Assessment and Plan: Possible Olecranon Bursitis, Right Elbow
Clinical Clarification
The described location "below the elbow on forearm" is anatomically inconsistent with olecranon bursitis, which occurs at the posterior tip of the elbow over the olecranon process. If swelling is truly on the forearm distal to the elbow joint, alternative diagnoses must be considered including soft tissue injury, occult fracture, or infection 1.
Initial Diagnostic Approach
If Swelling is at Posterior Elbow (True Olecranon Bursitis):
Immediately determine if this is septic versus non-septic bursitis, as one-third of olecranon bursitis cases are septic and require fundamentally different management 2.
Clinical features suggesting septic bursitis:
- Fever or systemic symptoms
- Severe erythema extending beyond bursa
- Warmth and tenderness disproportionate to swelling
- History of penetrating trauma or immunocompromise 3, 2
Perform bursal aspiration if infection cannot be clinically excluded 2. Send fluid for:
- Gram stain and culture
- White blood cell count with differential
- Crystal analysis
- Glucose measurement 3
If Swelling is on Forearm (Not Olecranon Bursitis):
Obtain plain radiographs (AP, lateral, oblique views) as the mandatory first imaging study 1. This evaluates for occult fracture or soft tissue gas suggesting necrotizing infection.
If radiographs are normal but fracture suspected: Proceed to CT without contrast 1.
If radiographs are normal but soft tissue injury suspected: Proceed to MRI without contrast to evaluate tendons, ligaments, and bone marrow edema 1.
Initial Treatment
For Non-Septic Olecranon Bursitis (Acute Traumatic):
Conservative management is first-line treatment 4, 3:
- Ice application
- Elevation and rest
- Compression padding
- NSAIDs for analgesia and anti-inflammatory effect 3, 5
Aspiration may shorten symptom duration in acute traumatic/hemorrhagic bursitis 3, 5. However, aspiration of chronic microtraumatic bursitis is generally not recommended due to risk of iatrogenic infection 3.
Avoid intrabursal corticosteroid injection in traumatic olecranon bursitis. While it produces rapid resolution (usually within one week), it carries significant complication rates including infection (12%), skin atrophy (20%), and chronic local pain (28%) 6. Given that spontaneous resolution occurs with conservative treatment, corticosteroids are not justified 6.
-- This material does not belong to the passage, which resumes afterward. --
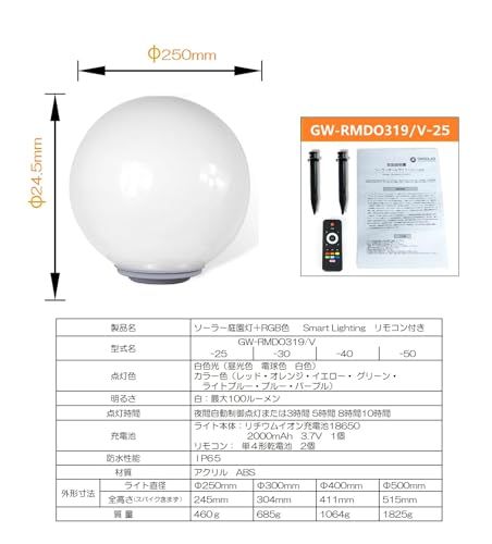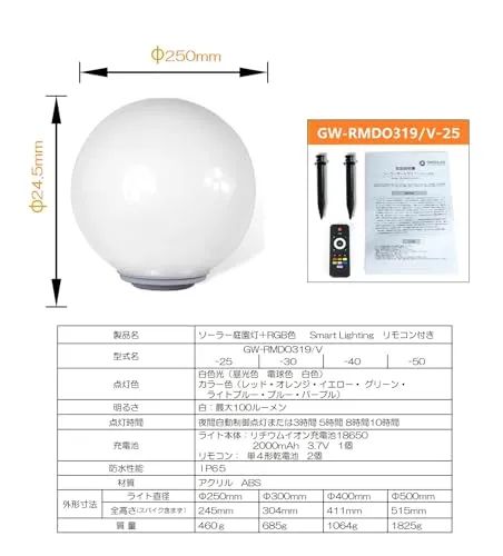 【商品仕様】直径25ボール 内蔵:単結晶ソーラーパネル、LED:ホワイト色・電球色、RGB、充電池、防水:IP65、付属品:リモコン、差し込みアンカー2本、質量:約460g、材質:PMMA、ABS

For pain management, naproxen 500 mg initially, followed by 500 mg every 12 hours or 250 mg every 6-8 hours as needed 7. Initial daily dose should not exceed 1250 mg, with subsequent days not exceeding 1000 mg daily 7.
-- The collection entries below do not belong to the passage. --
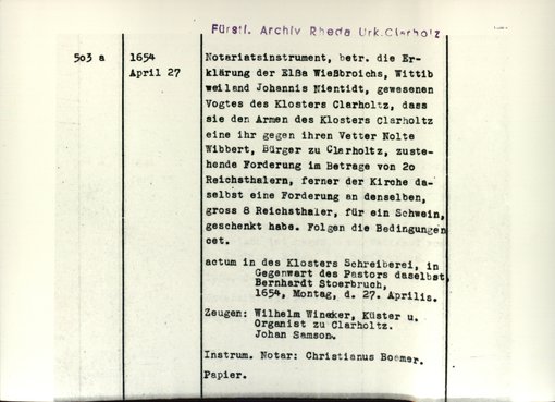 | Bestand | Clarholz, Stift, Urkunden | alle Regesten |
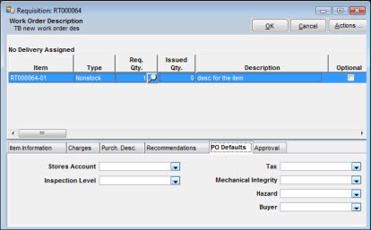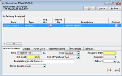 If the item is Permanent, this field defaults to the Purchasing Specifications values shown on inventory records. The field can be edited, but any changes made do not update the values in the inventory records. The updated text applies to this single requisition and to the purchase order it is later assigned to.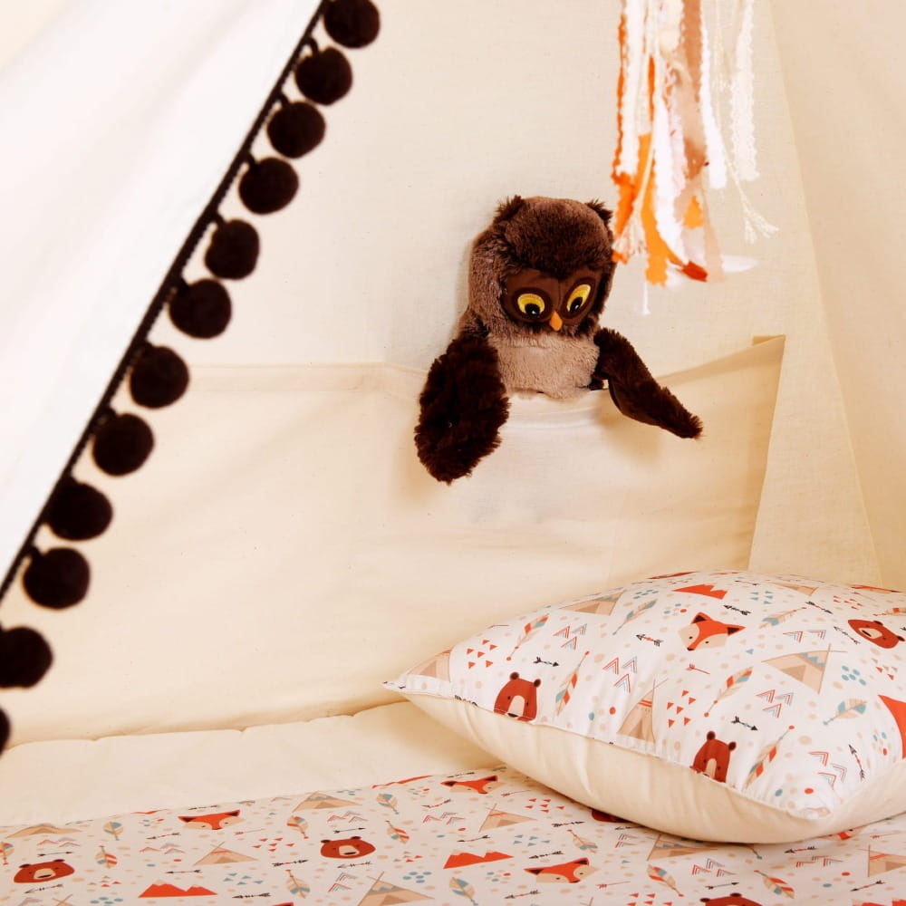 Namiot "Mój Przyjaciel Miś" to urocze tipi dla chłopca i dla dziewczynki. Całość skomponowana jest w delikatnej kolorystyce, dzięki czemu pasować będzie do każdego wnętrza. Głównym elementem dekoracyjnym jest motyw zwierzątek leśnych, co z pewnością przypadnie do gustu małym miłośnikom zwierząt. Całość uszyta z wysokiej jakości tkanin z certyfikatem bezpieczny dla dziecka (bawełna i surówka naturalna bawełniana z charakterystyczną strukturą, 100% ekologiczna, bezpieczna, niebarwiona, w naturalnym kolorze ecru).

For Septic Olecranon Bursitis:
Initiate antibiotics effective against Staphylococcus aureus immediately 3.
Outpatient oral antibiotics may be considered if patient is not acutely ill; hospitalize for IV antibiotics if systemically ill 3.
Perform aspiration for decompression; repeat aspiration may be necessary 5, 2.
Recovery from septic bursitis can take months, and some cases require surgical drainage if unresponsive to antibiotics 3, 2.
Common Pitfalls
Do not assume all erythema indicates infection—both septic and non-septic bursitis can present with local erythema 2. Aspiration with fluid analysis is the definitive method to distinguish them.
Do not use corticosteroid injections for acute traumatic bursitis despite their rapid effect—the complication rate is unacceptably high 6.
Do not repeatedly aspirate chronic non-septic bursitis—this increases infection risk without proven benefit 3.